◆ **REQUIREMENT**
Would you retype the entries from the first line to the line bearing "Unike lenestoler med", both included, leaving out every picture?
--- RECORDS Enclosed Below ---
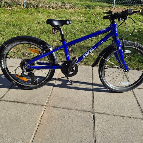 Orange Frog 52 barncykel med 20" hjul. Har växlar och stänkskärmar. Allt funkar bra, se bilderna för att se slitaget. Hämtas i Örnsberg.
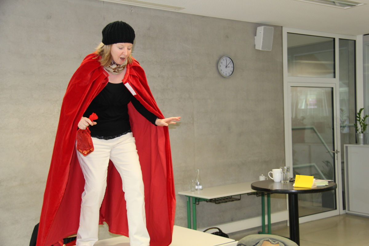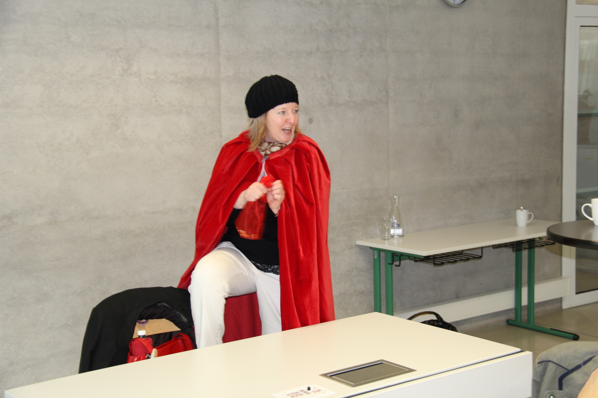 Nach einführenden Informationen zu Autor und Stück vermittelte die Künstlerin im Wechselspiel von szenischer Darstellung und interaktiver Erzählung den Verlauf der turbulenten Verwechslungskomödie. Der Name des Stückes rührt von der Angst her, die die Hauptperson Wendelin nach einem vermeintlichen Teufelspakt vor der Hölle hat. Mit ihrer humorvollen Darstellung und Wandlungsfähigkeit konnte die Schauspielerin bei den Schülern die Neugier und Lust wecken, sich mit einzelnen Szenen mit verteilten Rollen auseinanderzusetzen und anschließend dem Publikum zu präsentieren.
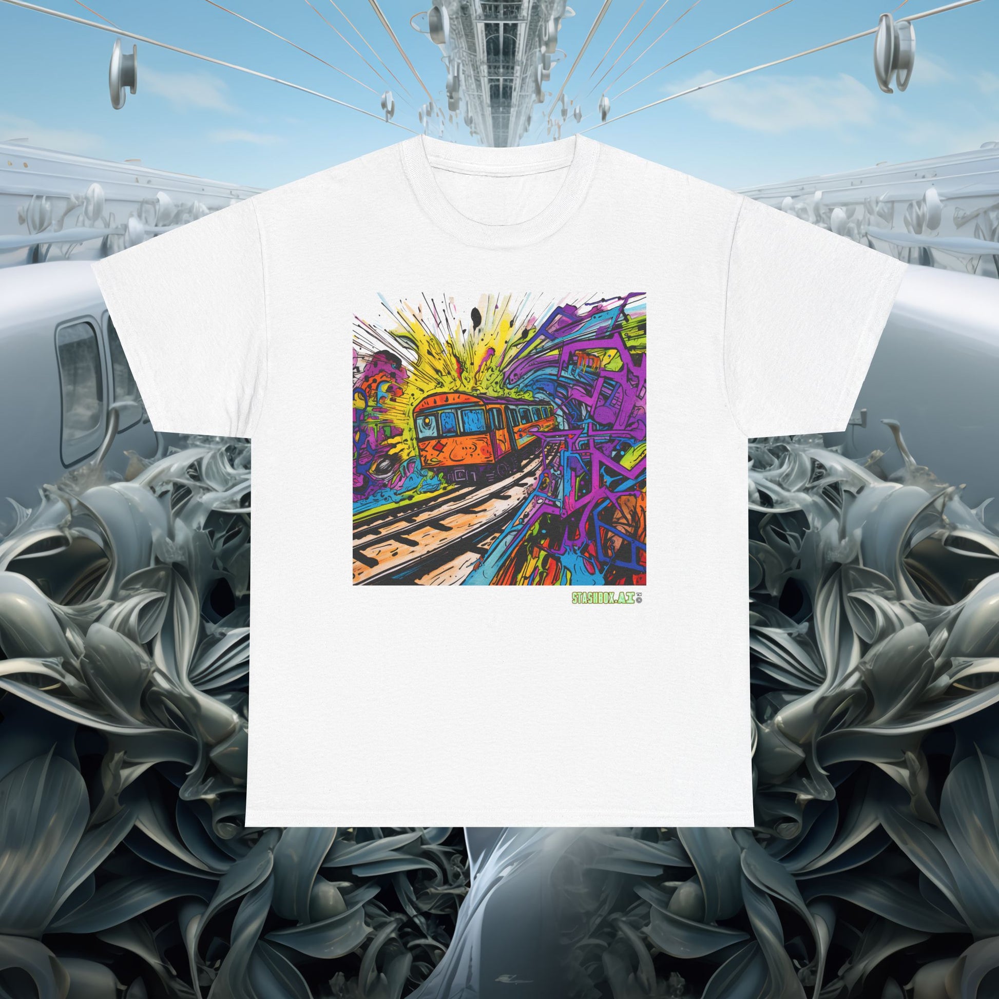 Insane Vibrant Color Train Roaring Down Track - Unisex Heavy Cotton Tee - Stashbox Train Design 018
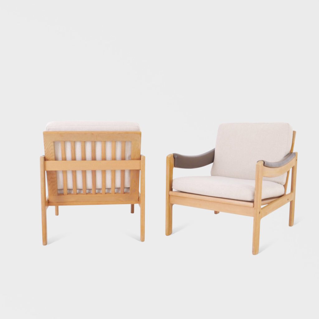 Unike lenestoler med særegne innfatning fra Hiorth & Østlyngen. Nyomtrukket med saueskinn i høy kvalitet fra New Zealand i fargen natur av vår møbeltapetserer. Stolene er i god vintage stand. Prisen er per stol Produsent: Hiorth & Østlyngen Land: Norge År: 1950-tallet Tilstand: God vintage stand Mål: H: 81cm H.sitte: 41cm B: 65cm D: 67cm Frakt: - Pris inkluderer frakt på strekningen Drammen - Oslo onsdager mellom 15-20 (til gateplan). - Vi sender i hele landet. Ta kontakt for gode priser på frakt. - Lageret er alltid åpent for besøk Tirsdag & Onsdag kl 14-17. Ring 926 22 989 ved ankomst. Disclaimer: Vintage møbler er et produkt av høy kvalitet som varer flere liv av en grunn. Noen har en rik historie, hvor enkelte produkter vil bære preg av dette. Studer derfor bildene godt før kjøp.
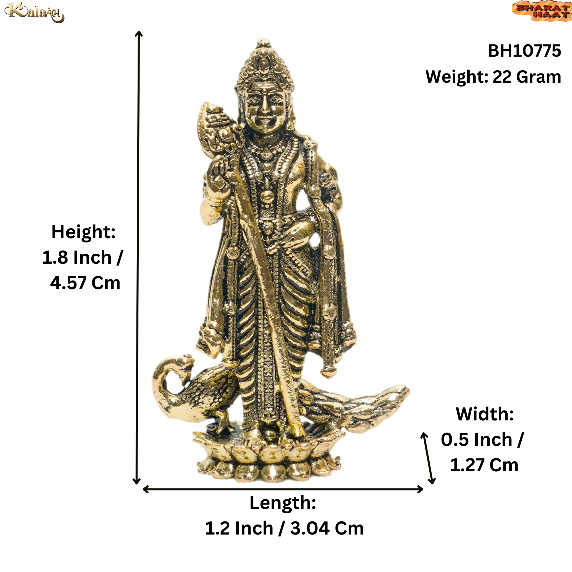 Compact and elegant Brass Kartikeya Idol, symbolizing divine strength and wisdom — ideal for pooja setup, home décor, or as a sacred gift.
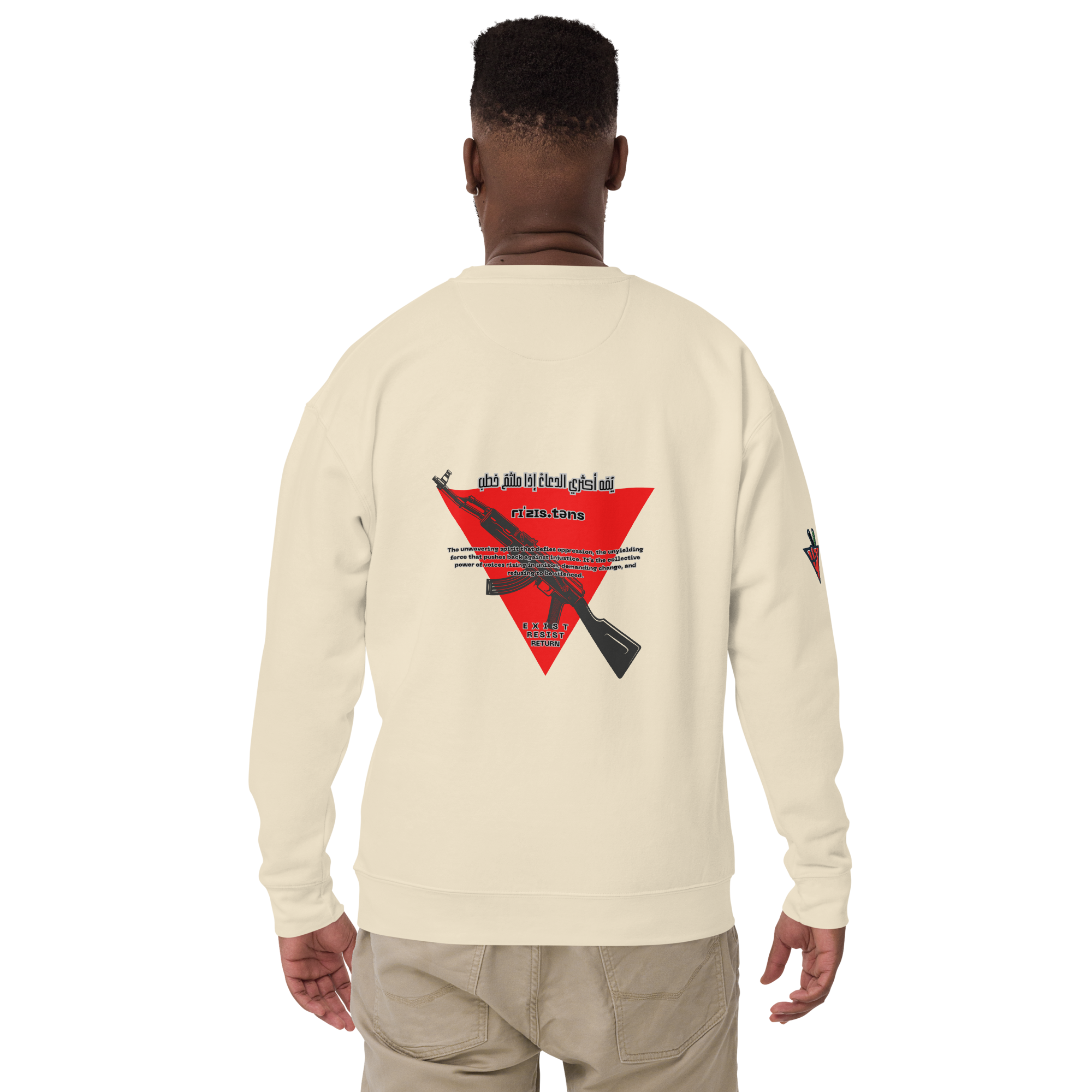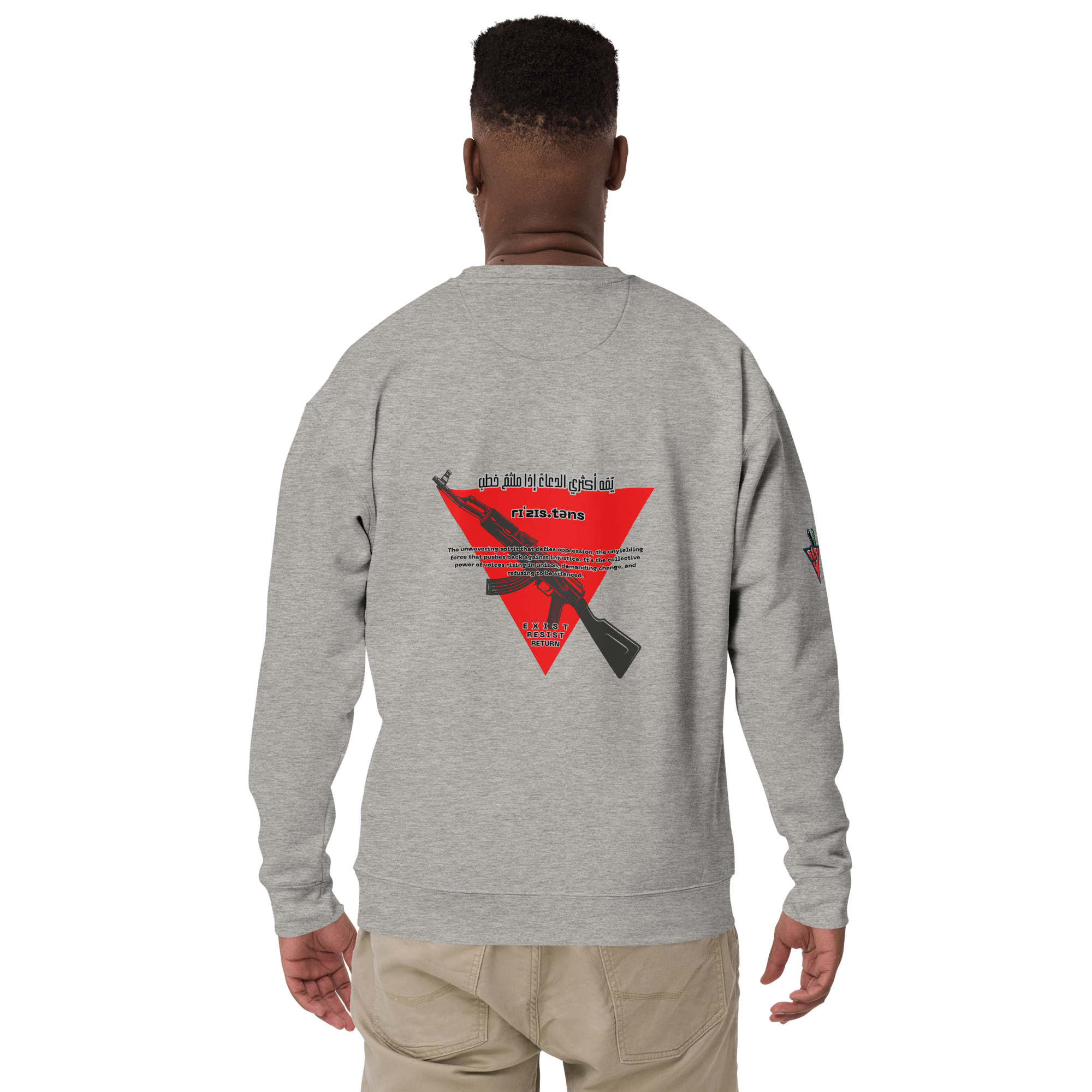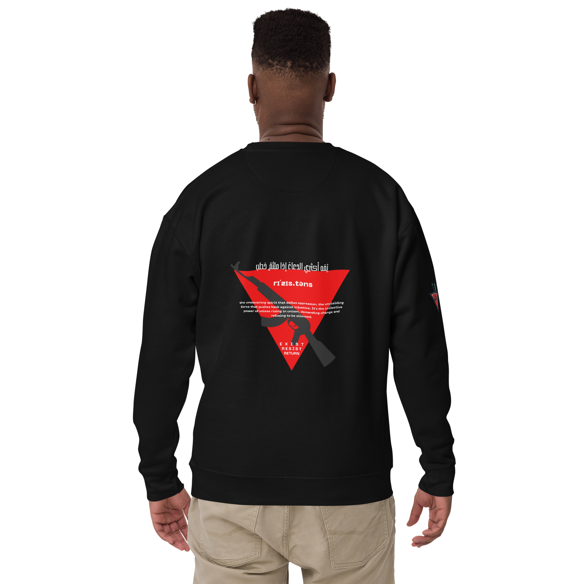 This powerful design, inspired by the mantra “Exist, Resist, Return,” is now available across our full range of apparel.
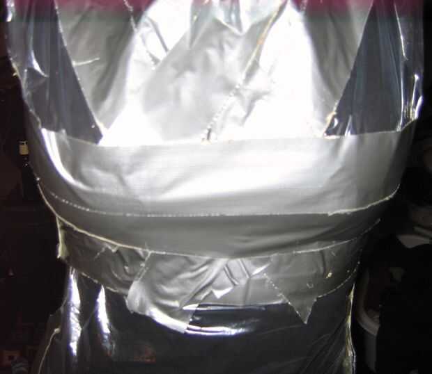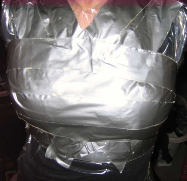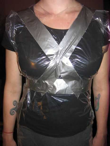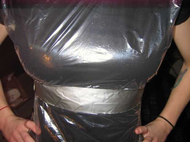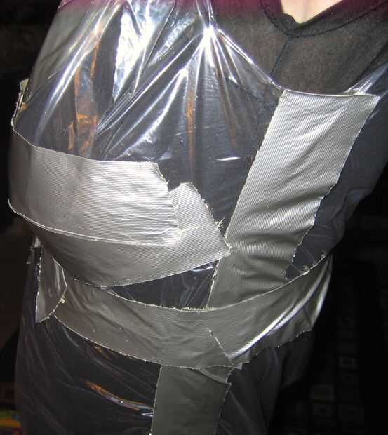 Ya puede comenzar a grabar en el busto. Comenzar justo por encima de su primer pedazo de cinta que fue alrededor de su modelo y la cinta horizontalmente a través del busto y alrededor a los lados. La longitud de la cinta que uso para este paso debe ser igual a la anchura de su modelo más aproximadamente cuatro pulgadas por lo que cinta para envolver alrededor de los lados. Continuar grabando por encima de la última pieza hasta que ha cubierto la mayor parte del pecho de su modelo, o de cuatro a cinco tiras de cinta.
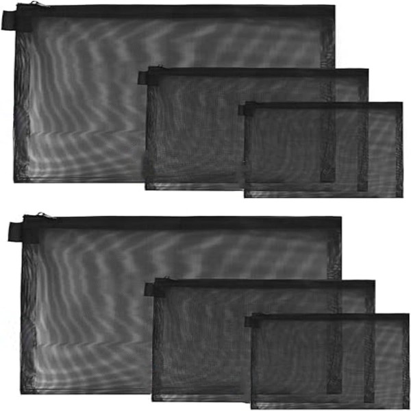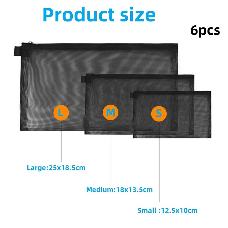 - 【Package Contentsn】:6pcs The set of 3 mesh bags different sizes offers an attractive and lightweight solution for many storage needs. They have enough capacity to hold your stationery and makeup tools, lightweight and portable to carry
--- End of Enclosed RECORDS ---
◆ **REPLY**
 Orange Frog 52 barncykel med 20" hjul. Har växlar och stänkskärmar. Allt funkar bra, se bilderna för att se slitaget. Hämtas i Örnsberg.
 Nach einführenden Informationen zu Autor und Stück vermittelte die Künstlerin im Wechselspiel von szenischer Darstellung und interaktiver Erzählung den Verlauf der turbulenten Verwechslungskomödie. Der Name des Stückes rührt von der Angst her, die die Hauptperson Wendelin nach einem vermeintlichen Teufelspakt vor der Hölle hat. Mit ihrer humorvollen Darstellung und Wandlungsfähigkeit konnte die Schauspielerin bei den Schülern die Neugier und Lust wecken, sich mit einzelnen Szenen mit verteilten Rollen auseinanderzusetzen und anschließend dem Publikum zu präsentieren.
 Insane Vibrant Color Train Roaring Down Track - Unisex Heavy Cotton Tee - Stashbox Train Design 018
 Unike lenestoler med særegne innfatning fra Hiorth & Østlyngen. Nyomtrukket med saueskinn i høy kvalitet fra New Zealand i fargen natur av vår møbeltapetserer. Stolene er i god vintage stand. Prisen er per stol Produsent: Hiorth & Østlyngen Land: Norge År: 1950-tallet Tilstand: God vintage stand Mål: H: 81cm H.sitte: 41cm B: 65cm D: 67cm Frakt: - Pris inkluderer frakt på strekningen Drammen - Oslo onsdager mellom 15-20 (til gateplan). - Vi sender i hele landet. Ta kontakt for gode priser på frakt. - Lageret er alltid åpent for besøk Tirsdag & Onsdag kl 14-17. Ring 926 22 989 ved ankomst. Disclaimer: Vintage møbler er et produkt av høy kvalitet som varer flere liv av en grunn. Noen har en rik historie, hvor enkelte produkter vil bære preg av dette. Studer derfor bildene godt før kjøp.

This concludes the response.